Introduction to part 2
It is common engineering practice to convey gases, often at high pressure, through pipes of circular cross section. I think that the pneumatic systems that most of us see are those in garages specialising in tyre and exhaust replacement. There a compressor runs somewhere in the background in order to reduce the noise level at the workplace where power tools are used for nut running, tyre removal, vehicle lifts and so on. Similar systems are used in factories for nailing, stapling, spraying paint, abrasion and many other purposes. In every case a pipe or a pipe system must be installed to convey compressed air to suitable connectors to the flexible pipes to the air tools. The system would have to be very extensive to justify much design input to the pipe system. However there are other much longer pipes that convey gas, e.g. methane, from country to country and then there must be a serious design input. A working knowledge of the physics of the pipe carrying a gas under pressure has value to the engineer as a necessary part of having a grasp of the wider physics of engineering.
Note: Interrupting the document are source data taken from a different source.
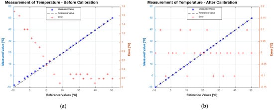 From the viewpoint of accuracy, a large number of techniques such as a digital filter or a sensor fusion can be applied to the program to reduce the noise of measurement. For example, an extended Kalman filter can be used to predict and filtrate the measuring errors, as presented in []. The errors can be compensated by using comfortable correction coefficients in the software program.
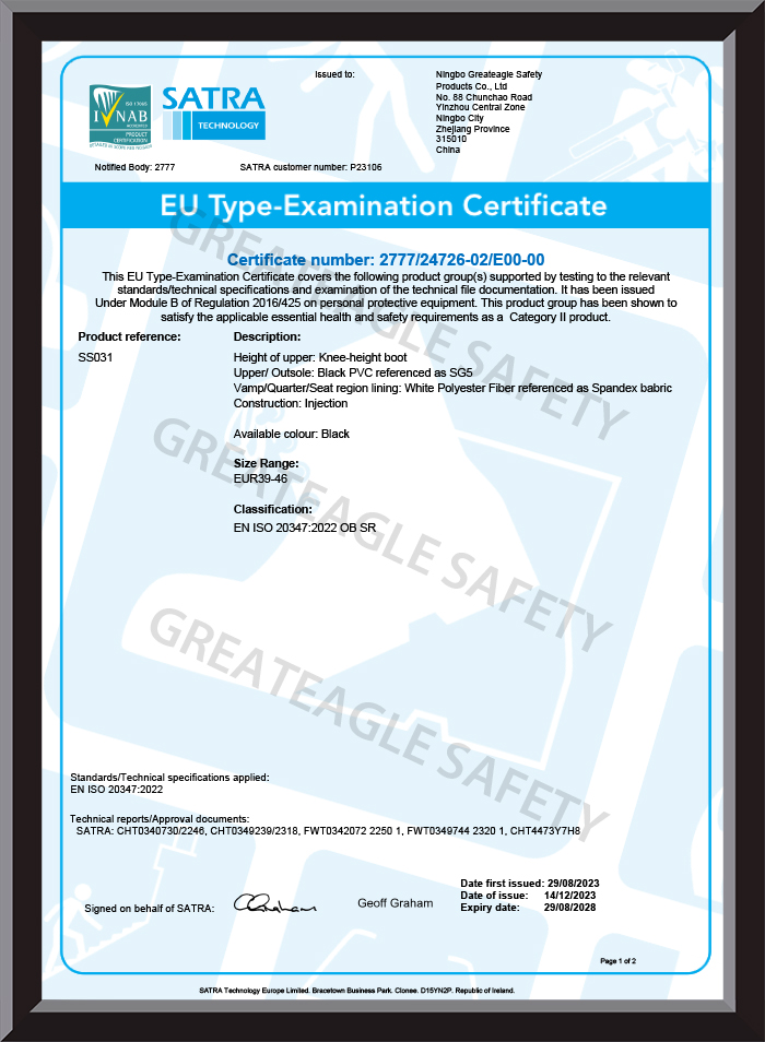 รองเท้าบู๊ทนิรภัยนิ้วเท้าเหล็กและกันด่าง SS032 เป็นรองเท้าป้องกันที่ออกแบบมาสำหรับสภาพแวดล้อมทางอุตสาหกรรมที่หลากหลาย ทำจากวัสดุพีวีซีคุณภาพสูงและมีฟังก์ชั่นความปลอดภัยหลายประการ เหมาะสำหรับความต้องการทำงานประจำวันในอุตสาหกรรมต่างๆ เช่น ปิโตรเลียม การก่อสร้าง การทำเหมือง เคมี เครื่องจักร และการแพทย์ ส่วนบนและพื้นรองเท้าด้านนอกทำจากวัสดุ PVC ซึ่งมีคุณสมบัติกันน้ำ กันน้ำมัน กันกรด และด่างได้ดี พวกเขาสามารถต้านทานการกัดเซาะของของเหลวและสารกัดกร่อนต่าง ๆ ได้อย่างมีประสิทธิภาพและมั่นใจในความปลอดภัยของเท้าของคนงาน
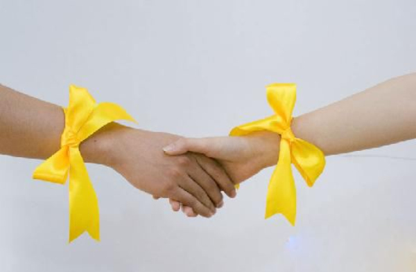 为你系上一条小小的黄丝带,金色的黄丝带飞扬于你的手腕,愿你无论行至何处,平安与你相随,快乐与你相随。
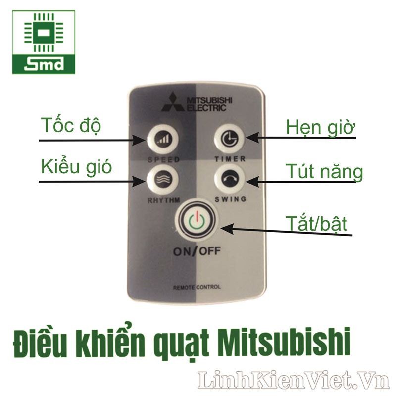 Remote hồng ngoại tay điều khiển từ xa quạt Mitsubishi, điều khiển quạt cây quạt treo thay thế nhận mạch zin.TÍNH NĂNG SẢN PHẨM
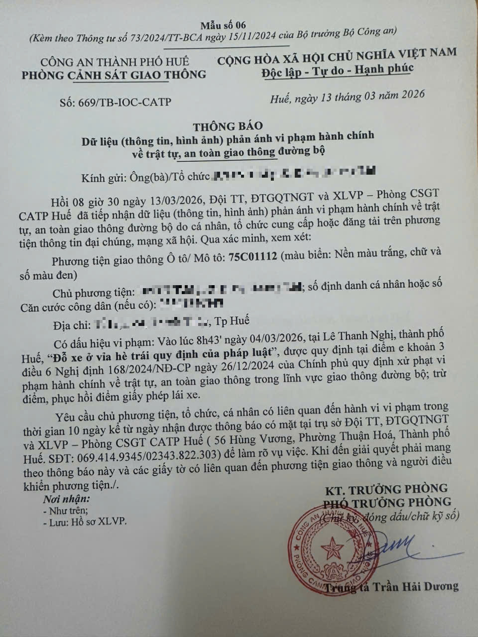 Vấn đề quý Ông/Bà phản ánh, Phòng Cảnh sát giao thông – Công an thành phố Huế đã kiểm trả và xin thông báo kết quả như sau:
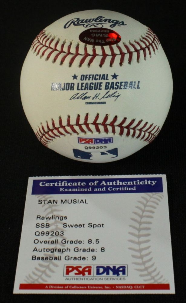 Official Major League Baseball. Hand-signed and inscribed in blue ink by Stan Musial (Cardinals HOF). The baseball has been graded "8.5" by PSA. The autograph includes PSA/DNA hologram and matching COA for authenticity purposes. Autograph also contains an official Stan Musial Hologram for authenticity purposes.
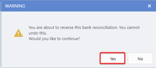 If an In-Progress Bank Reconciliation already exists, a warning message will appear. The current in-progress reconciliation will be cleared and replaced.
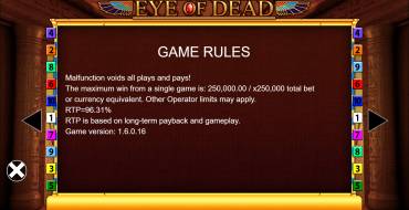 Play the Eye of Dead slot by Blueprint Gaming at a reputable casino. Then you won't have to worry that your personal data will get to scammers, and access to your account will be closed at one moment. After all, reliable casinos use modern encryption and protection systems, ensuring the privacy of clients.
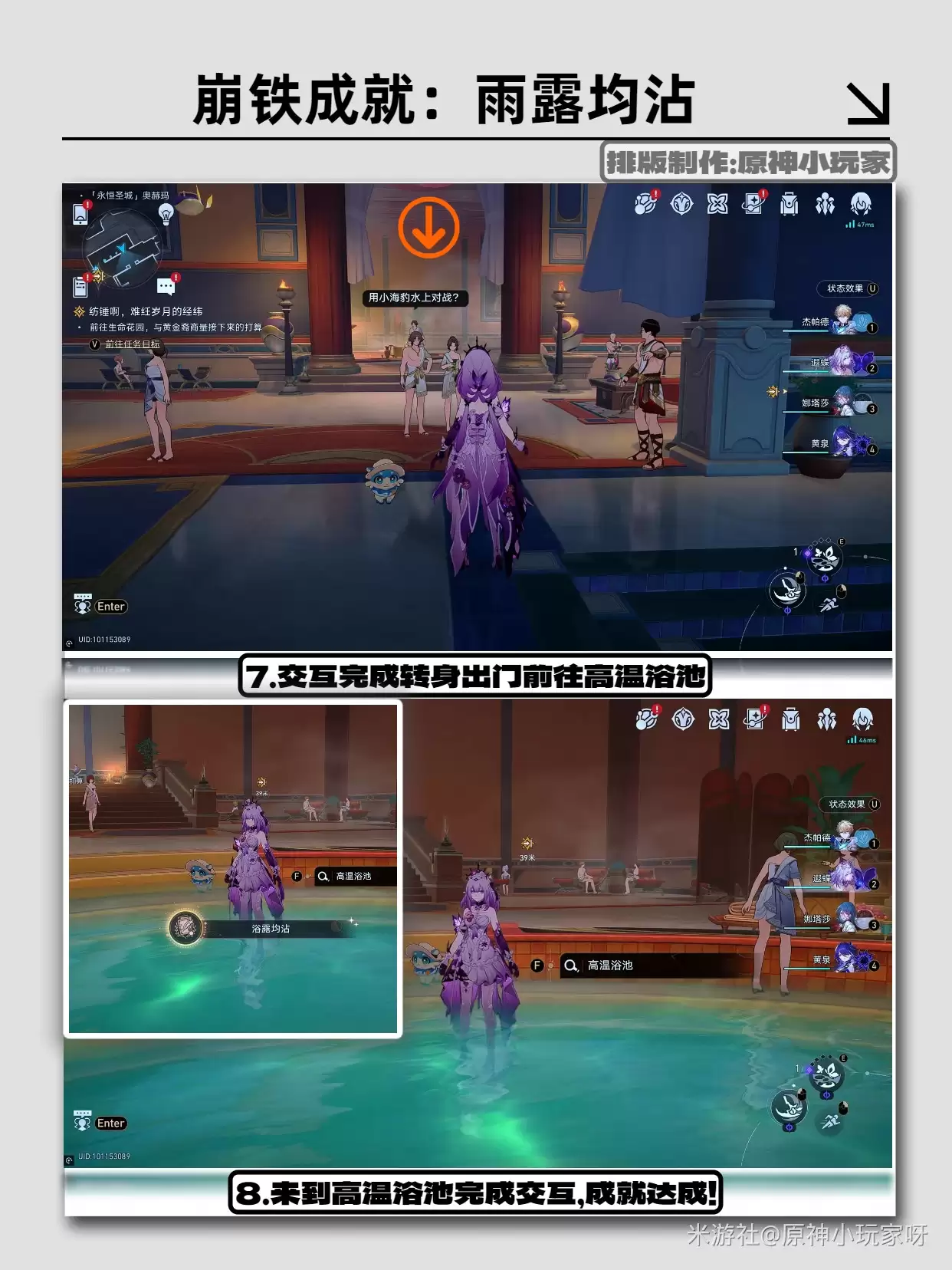 《崩坏:星穹铁道》中的“雨露均沾”成就该怎样解锁呢?今天为大家带来的正是“雨露均沾”成就详细攻略。这项成就名为“雨露均沾”,需要玩家在云石天宫区域,分别体验高温浴池、低温浴池与试温池。由玩家“原神小玩家呀”为大家详细分享达成这一成就的具体方法。

In the garage the conveying pipe is a small part of the total cost but for conveying gas over a long distance the goal must be to design pipes that give the best compromise between first cost and running cost. The running cost in any system is really that of pumping to overcome the friction loss that occurs as the gas flows through the pipe. We might expect the friction loss to increase in a non-linear way with velocity and low running costs are associated with low velocities. Inevitably some compromise has to be made between the cost of large and therefore expensive pipes for conveying at low velocities and running cost. Too often the cost of the installation dominates the decision and running costs are too high.
So let us have a look at the physics of such pipes.
All the gases are compressible fluids. To date we have considered the flow of incompressible fluids typified by water. We found that when any real fluid flows in, say, a pipe of uniform bore, the pressure drops and we attributed this drop to fluid friction. We must expect a similar pressure drop in pipes carrying gas. If the fluid is incompressible no change in volume per unit mass occurs even though the pressure falls but, if the fluid is compressible, the gas expands as the pressure falls. This means that the steady mass flow of a gas in a pipe of uniform bore will be associated with a steadily increasing velocity of flow along the pipe. This is a major difference to the uniform velocity of steady incompressible flow and it has ramifications where the velocity becomes high. This means that we have to have a new way of designing pipe systems when they are to carry gases. I shall follow the traditional approach and that starts by exploring the implications of the continuity equation.